══ Data for this task
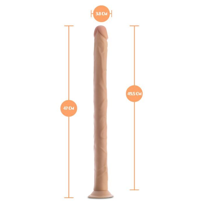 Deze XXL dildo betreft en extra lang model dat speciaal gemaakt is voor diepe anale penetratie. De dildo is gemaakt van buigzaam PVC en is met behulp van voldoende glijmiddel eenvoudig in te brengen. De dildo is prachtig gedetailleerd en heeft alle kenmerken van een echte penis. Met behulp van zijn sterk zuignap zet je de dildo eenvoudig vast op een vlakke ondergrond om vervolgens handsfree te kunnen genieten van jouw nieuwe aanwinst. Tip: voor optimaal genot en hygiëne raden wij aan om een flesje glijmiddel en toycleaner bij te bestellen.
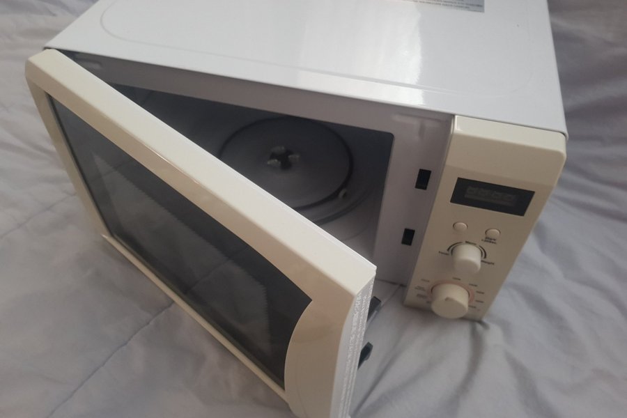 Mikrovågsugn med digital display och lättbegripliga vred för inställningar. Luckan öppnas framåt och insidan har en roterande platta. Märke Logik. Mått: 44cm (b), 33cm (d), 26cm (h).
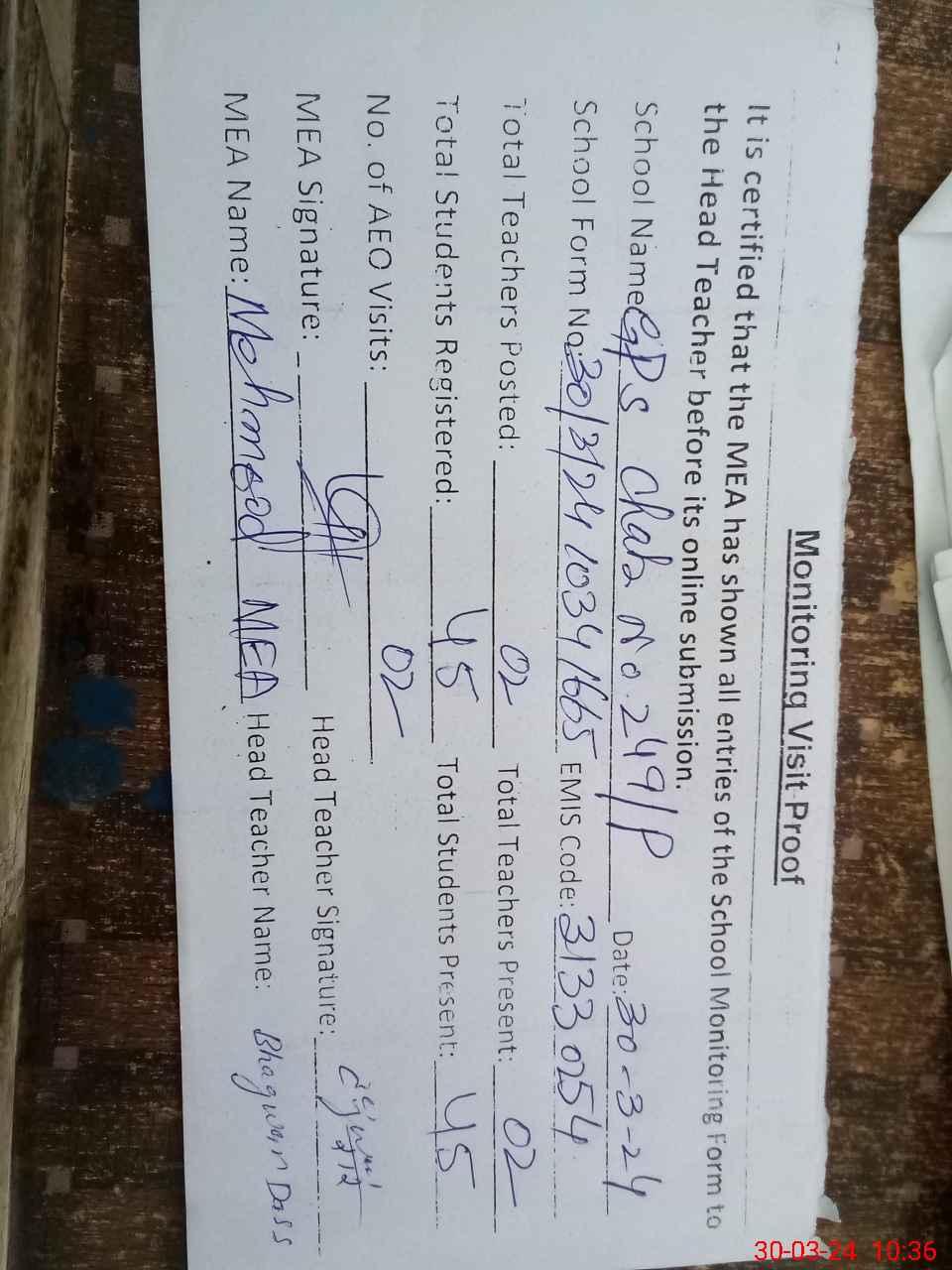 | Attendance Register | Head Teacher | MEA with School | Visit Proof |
════
══ Data for this task
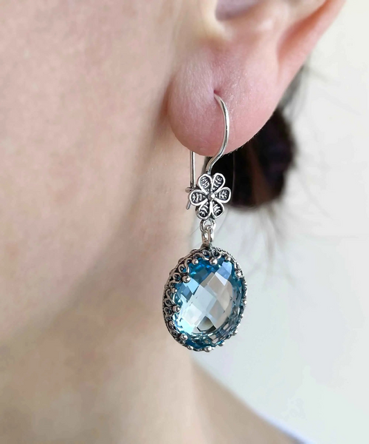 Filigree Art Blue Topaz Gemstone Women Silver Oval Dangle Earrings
════
══ Data for this task
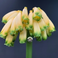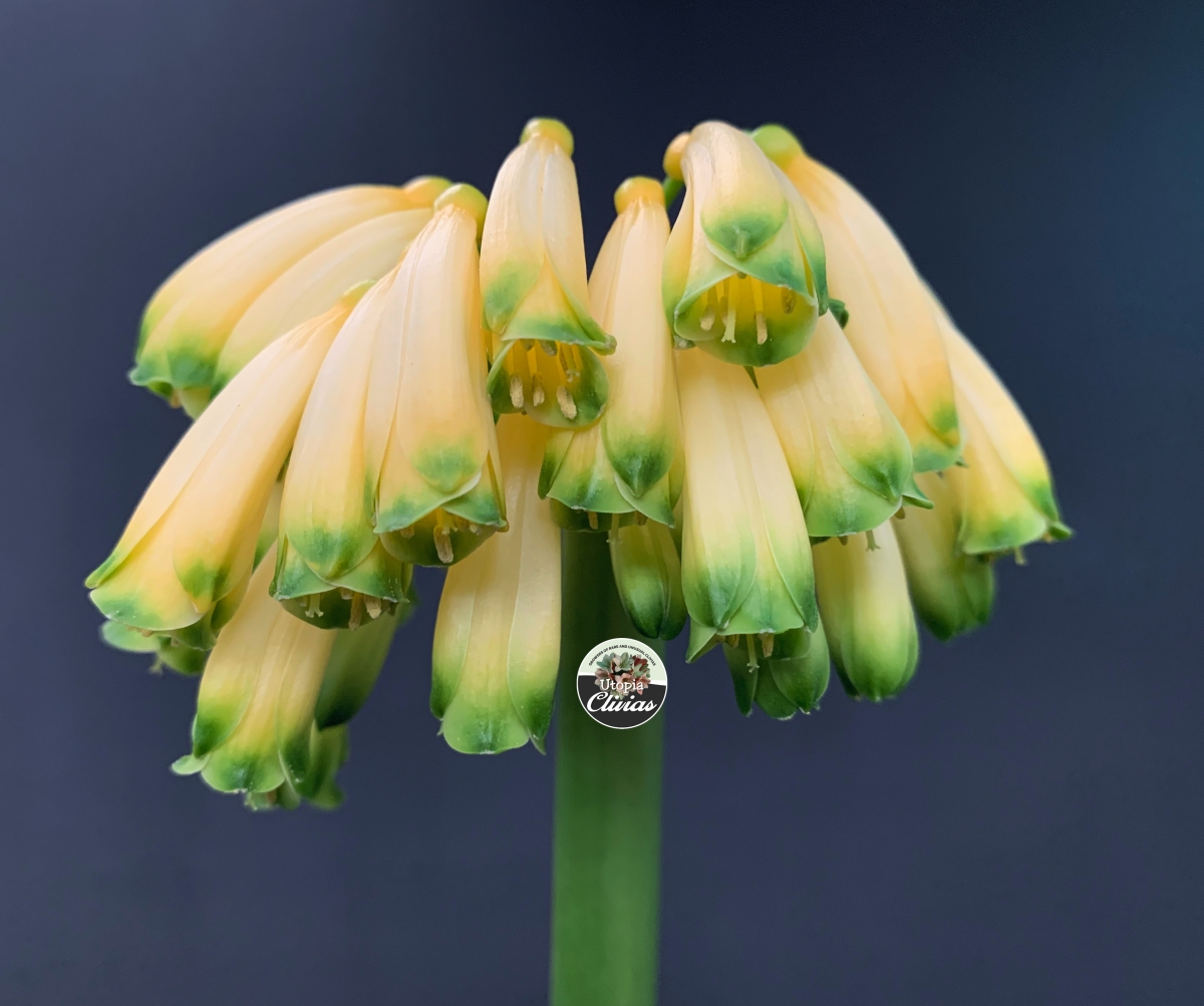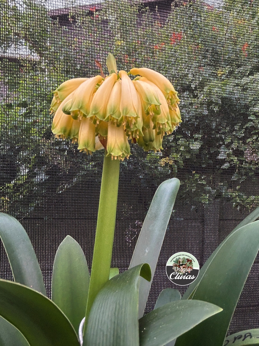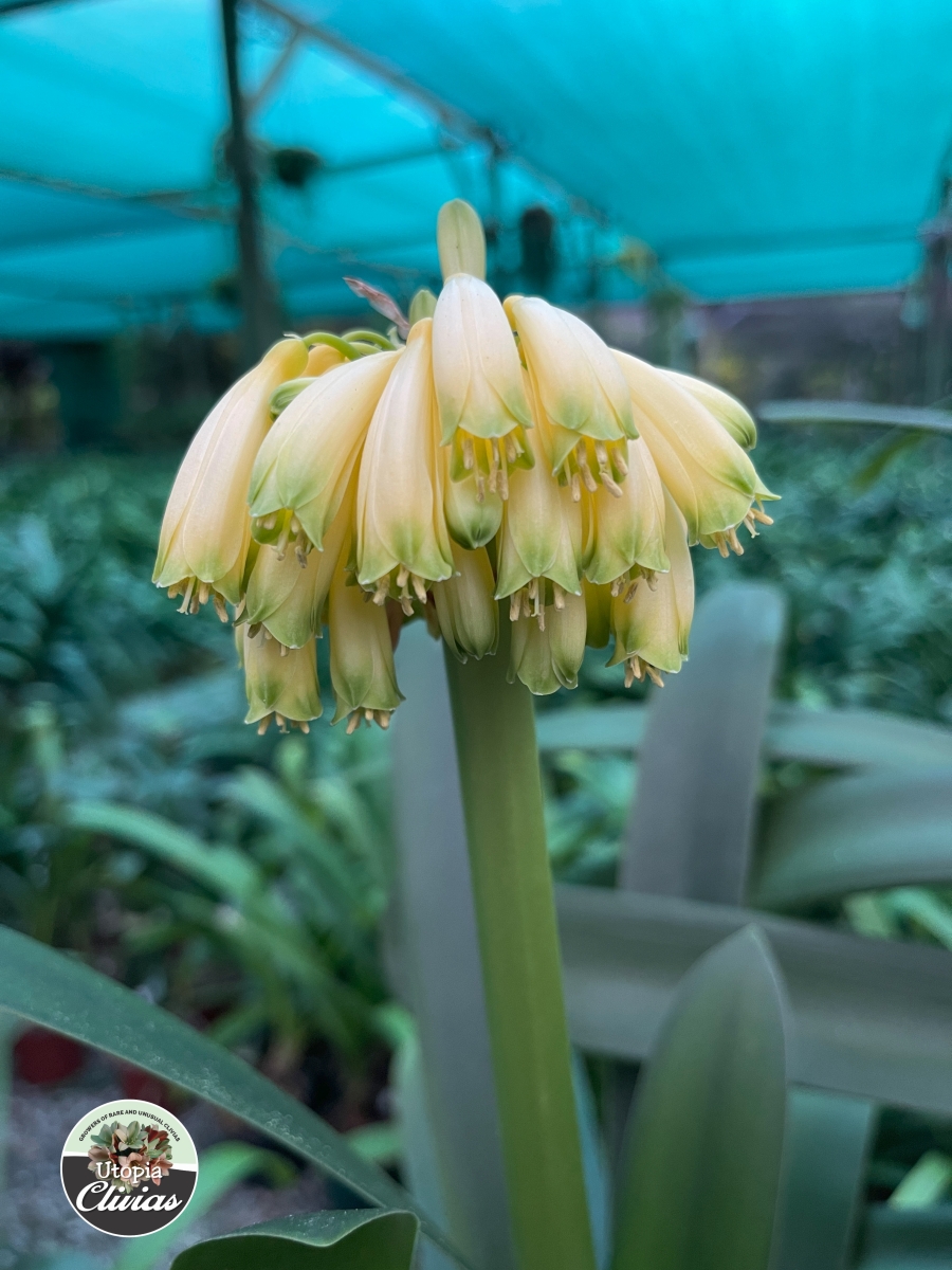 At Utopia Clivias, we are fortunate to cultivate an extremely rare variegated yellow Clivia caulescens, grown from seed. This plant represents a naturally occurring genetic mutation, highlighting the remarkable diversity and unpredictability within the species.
════
> [Assignment]
Give again, exactly as written above, every line from the one holding "Deze XXL dildo" to the one holding "Visit Proof |", with both ends kept and the pictures left out.

> [Answer box]
 Deze XXL dildo betreft en extra lang model dat speciaal gemaakt is voor diepe anale penetratie. De dildo is gemaakt van buigzaam PVC en is met behulp van voldoende glijmiddel eenvoudig in te brengen. De dildo is prachtig gedetailleerd en heeft alle kenmerken van een echte penis. Met behulp van zijn sterk zuignap zet je de dildo eenvoudig vast op een vlakke ondergrond om vervolgens handsfree te kunnen genieten van jouw nieuwe aanwinst. Tip: voor optimaal genot en hygiëne raden wij aan om een flesje glijmiddel en toycleaner bij te bestellen.
 Mikrovågsugn med digital display och lättbegripliga vred för inställningar. Luckan öppnas framåt och insidan har en roterande platta. Märke Logik. Mått: 44cm (b), 33cm (d), 26cm (h).
 | Attendance Register | Head Teacher | MEA with School | Visit Proof |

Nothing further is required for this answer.